Controlling personalny i analityka HR

Benchmarking (jakościowy) i badania (społeczne) w organizacji w obliczu "pełzającej" pandemii.

Powoli wszyscy przyzwyczajamy się do życia i działania w sytuacji zagrożenia pandemicznego. Dotyczy to zarówno indywidualnych osób, całych organizacji, jak i systemu polityczno-gospodarczego i społecznego. Jednak doniesienia o pandemii w naszej codziennej rzeczywistości nie mijają, zagrożenie wciąż jest realne. Ograniczenia w mniejszym lub większym stopniu komplikują życie osobiste, ale również zawodowe nas wszystkich. Trudno nawet opisać sytuację tych, którzy stanęli w obliczu choroby swojej lub bliskich lub też stracili źródło utrzymania. Martwią też losy firm, które muszą zamykać działalność w obliczu zagrożenia sanitarnego lub utraty klientów.

W obliczu pierwszego zagrożenia HR-owcy zwarli szyki, wymieniali się wiedzą, pomysłami i doświadczeniem, jak radzić sobie w obliczu nowych wyzwań, przepisów i obostrzeń oraz poradzić sobie z różnymi wyzwaniami, zarówno biznesowymi, jak i związanymi z reakcją ludzi na te wyzwania.

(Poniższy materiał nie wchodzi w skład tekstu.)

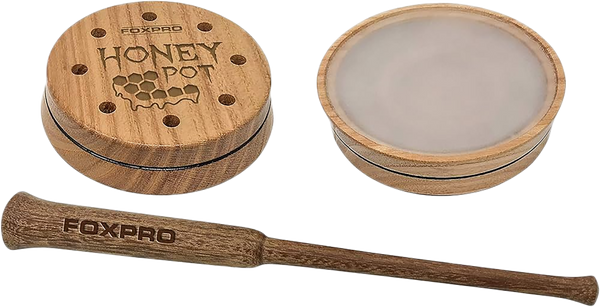 The honey pot is capable of superior sound quality, volume, and realism.It is made from honey locust wood, comes with a one-piece ipe wood striker.The honey pot features a glass tone board underneath the calling surface.This pot call is able to produce soft and subtle purrs, putts and tree yelps, yet still offers incredible volume for cuts, clucks and loud yelps to locate gobblers.The call also features sound ports on the back for increased volume and sound projection.

Wiele e-booków, artykułów, konferencji on-line, a także zwykłych postów w mediach społecznościowych pokazało, iż w obliczu nowej sytuacji wspólne działanie pomaga przezwyciężyć negatywne emocje, lepiej się zorganizować i pomóc organizacjom i pracownikom przejść prze ten trudny okres. Społeczność Akademii Leona Koźmińskiego znacznie te wspólne działania wspierała.

Eksperci zwracają uwagę, że w obliczu zbliżania się sezonu jesienno–zimowego nakładanie się zwykle występujących infekcji z koronawirusem może skomplikować sytuację i doprowadzić do trzeciej, jesiennej fazy pandemii, której rozwój i nasilenie trudno jest przewidzieć. Być może zatem organizacje oraz zwykli ludzie znowu staną przed nieznanymi wyzwaniami.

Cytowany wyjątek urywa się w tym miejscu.